# Anyone who has been in the "fish business"...



## hXcChic22 (Dec 26, 2009)

Have you ever seen this fish available for purchasing/distributing/etc.? Because I believe I just bought two of them from a local pet store, and not only do they not fit the descriptions of any other loach (hence why I think they are this species) but one of them also exceeds the "maximum size" by an inch to an inch and a half. Of course, the article hasn't been updated in about 5 years. 

http://www.loaches.com/species-index/nemacheilus-elegantissimus


----------



## arch aquatics (Feb 28, 2012)

Not on any of my import lists


----------



## grogan (Jan 23, 2011)

Hmmm Ill check our list when Im in the shop tomorrow.


----------



## TheOldSalt (Jan 28, 2005)

Pretty fishie! Never saw one.


----------



## hXcChic22 (Dec 26, 2009)

The picture on loaches.com has some weird lighting going on.
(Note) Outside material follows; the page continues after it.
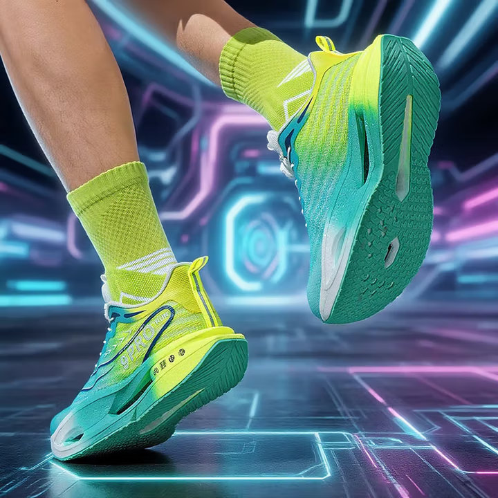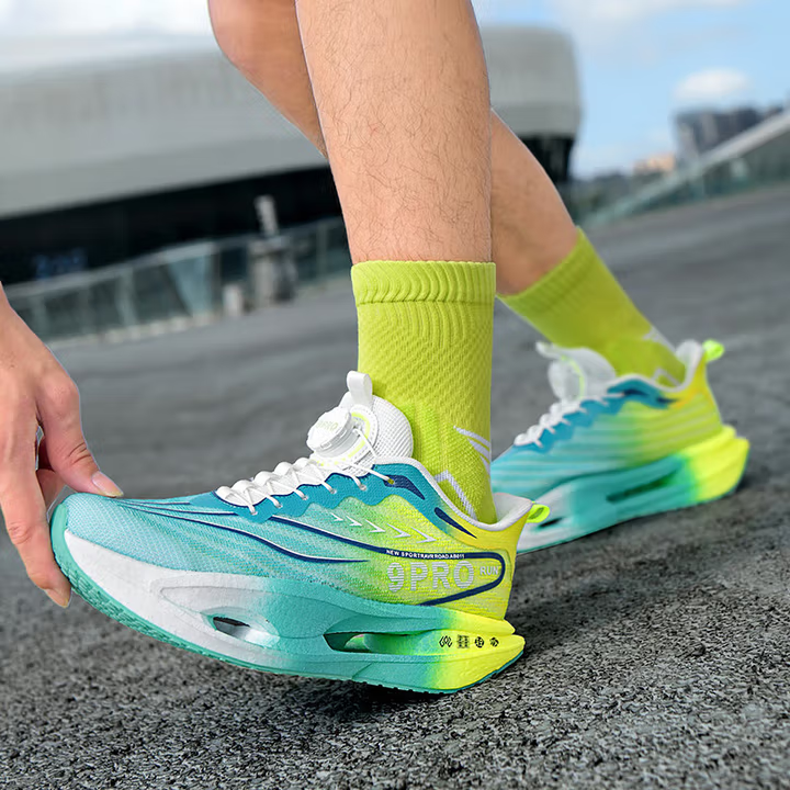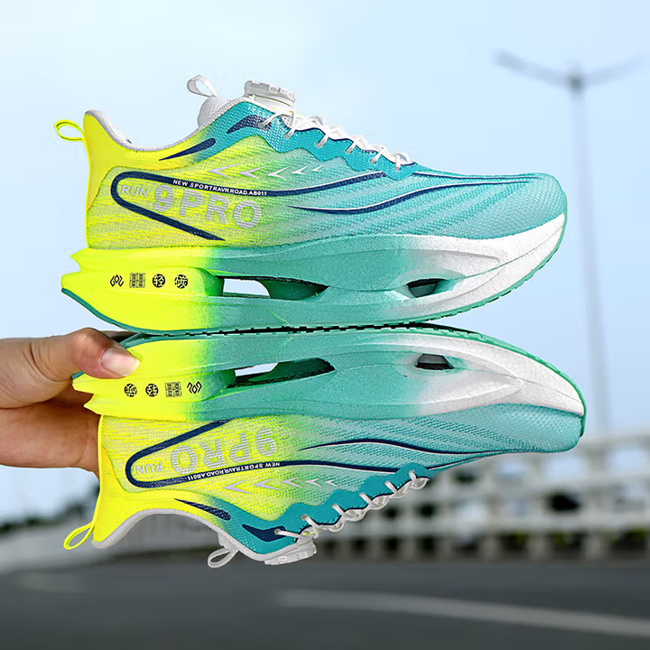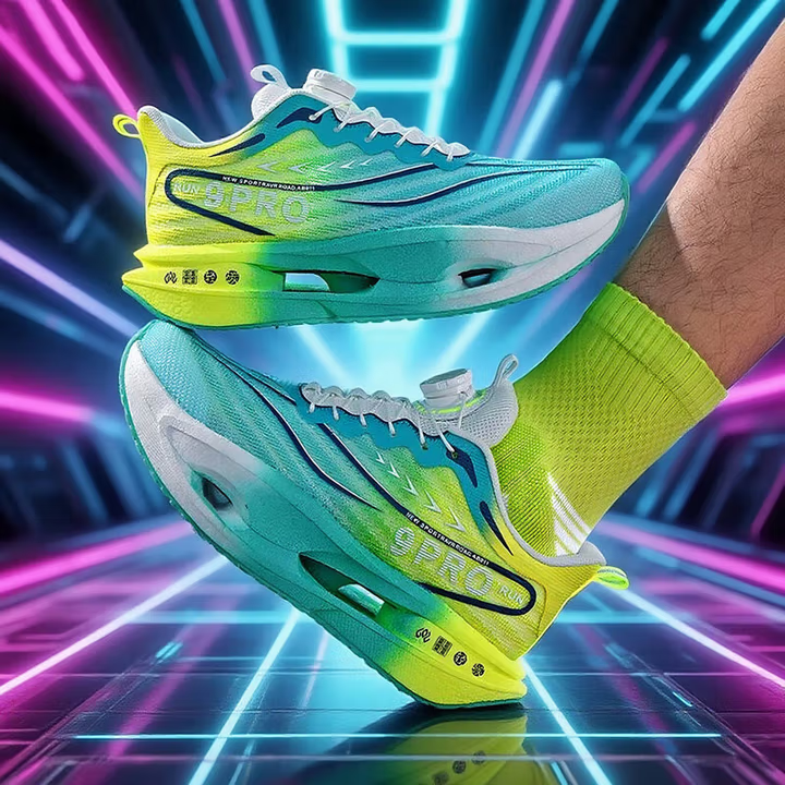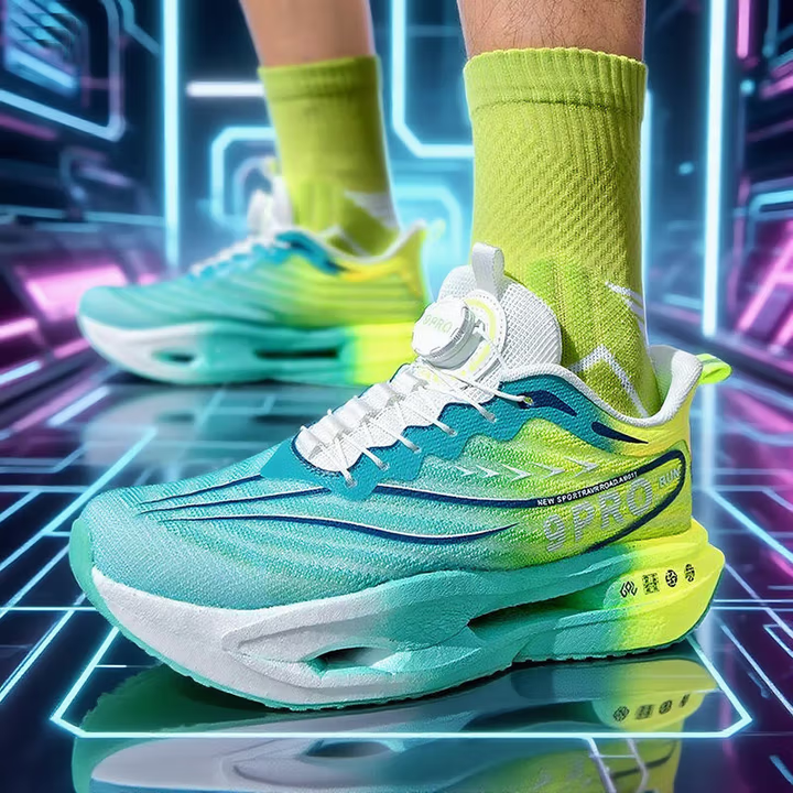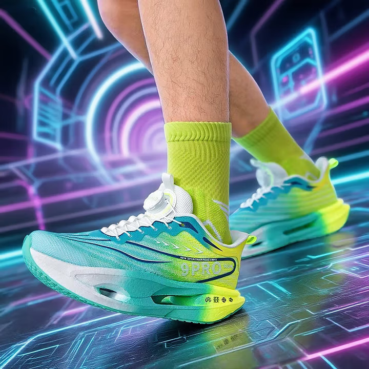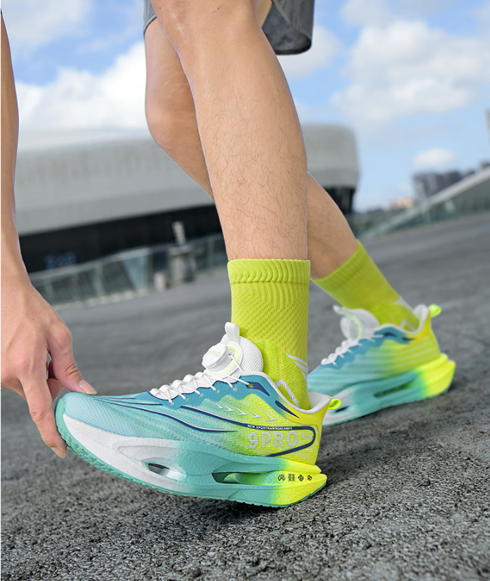Carbon board running shoes, sports double mesh shoes, ultra light shock-absorbing running shoes, 8pro double mesh ultra light high elasticity grass green

It's the only one like that I can find via google images... the rest of them look like this one (which is what our little dudes look like).


----------



## lohachata (Jan 27, 2006)

there are a whole slew of loaches that look like that...there is a place on the west coast that brings in a lot of different ones which is probably where your shop bought them...
i have only seen a few pictures of them.....personally i think they were mislabeled...


----------



## Ponera (Oct 31, 2011)

Some groups of cyprinid have a strong habit of looking alike. I've encountered this in a type of lizard before, where they can be so morphologically conservative that coloration, even pattern, mean nothing.

Edit: and don't even get me started about salamanders and newts...their species complexes make even the most educated about specifically them pull their hair out.


----------